英文:
How to average values in list of lists that contain same parameter
问题
我想要对包含相同第一个值的所有列表中的第二个值进行平均,并将这些平均列表转换为一个新的列表。
例如,我想要将这个列表转换成这样:
[['foo', 平均(13+15)],
['bar', 平均(14+16+5)]]
有没有简单的方法来做到这一点?
英文:
I want to average the 2nd values in all lists that contain the same 1st value, and convert these averaged lists into a new list of lists.

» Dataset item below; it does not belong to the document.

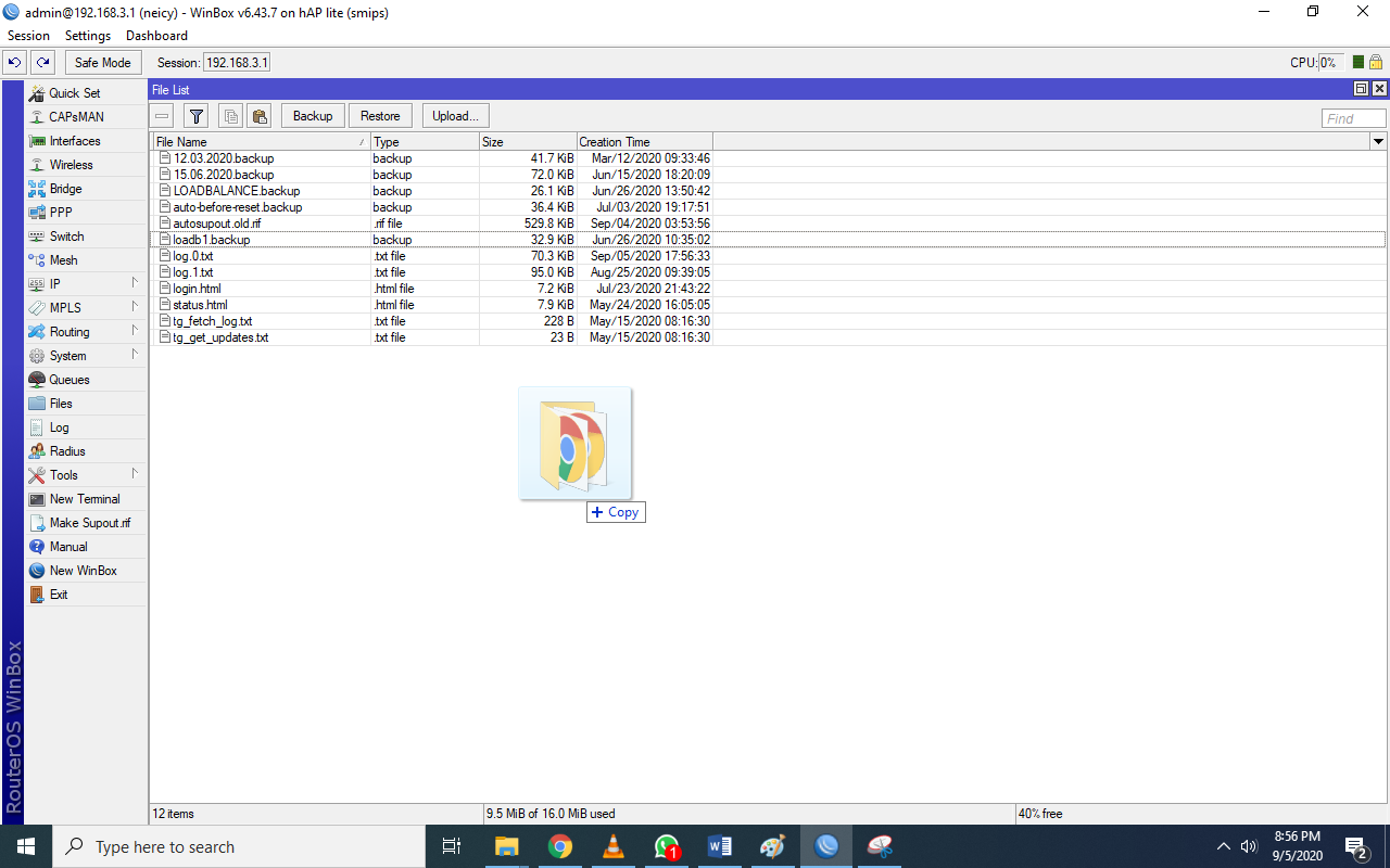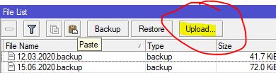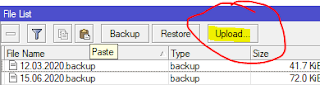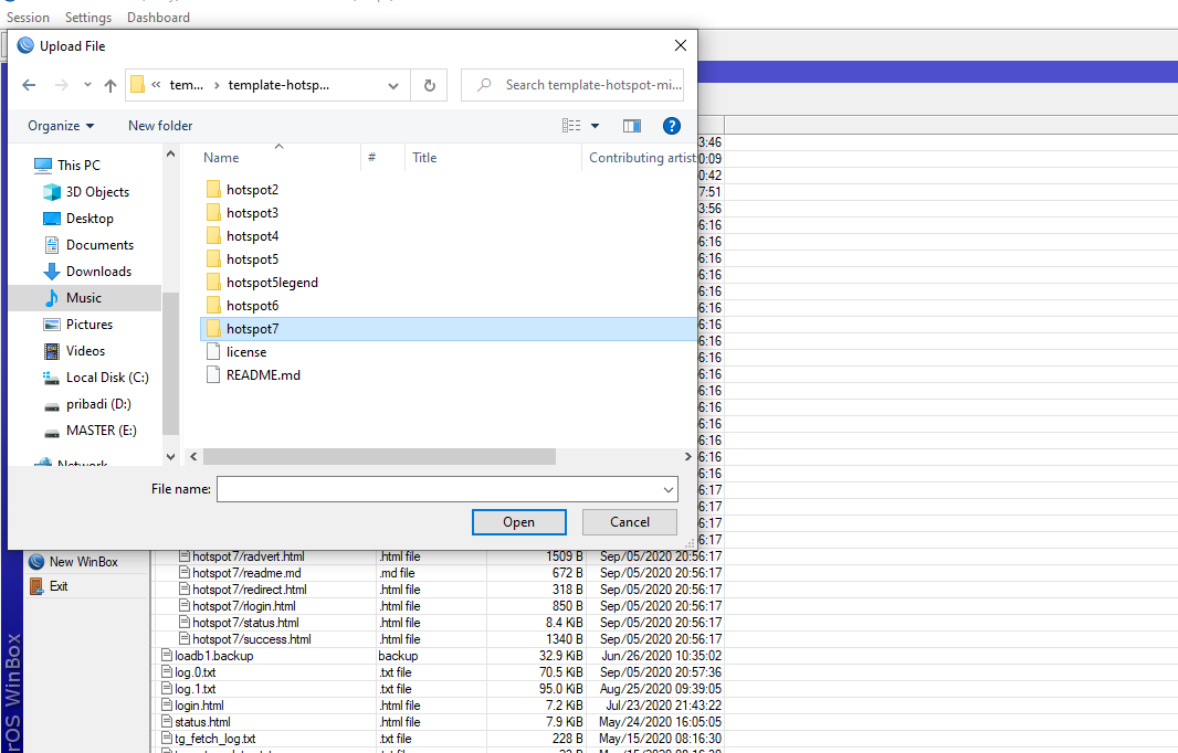 Aplikasi WinBox kemudian masuk pada menu “ file” pilih “ upload “ dan arahkan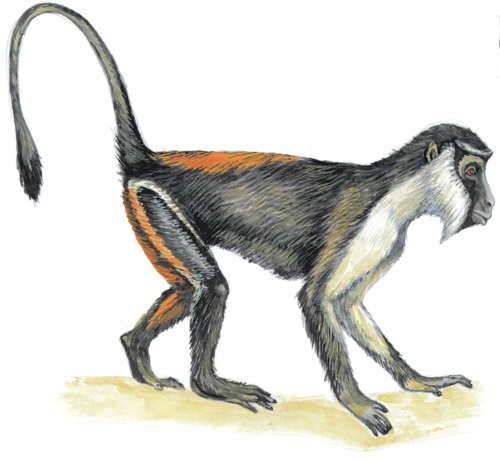 Отряд: приматы. Известен 21 вид мартышек; мартышка обыкновенная имеет массу до шести кг, длину тела – до 45 см, хвост – до 100 см. Питается листьями, молодыми побегами, плодами. Обитают мартышки в дождевых и горных лесах стадами по 40–50 животных. В потомстве один детеныш. Распространены в Африке.

For example i want to convert this:
[['foo', 13],
['foo', 15],
['bar', 14],
['bar', 16],
['bar', 5]]
to this:
[['foo', avg(13+15)],
['bar', avg(14+16+5)]]
Any ideas of a simple way to do this?
答案1
得分: 1
from itertools import groupby
from statistics import mean # 3 or greater
# if using 2.7
def mean(x): return sum(x)/len(x)
a = [['foo', 13],
['foo', 15],
['bar', 14],
['bar', 16],
['bar', 5]]
[[key, mean(map(lambda x: x[1], list(group)))] for key, group in groupby(a, lambda x: x[0])]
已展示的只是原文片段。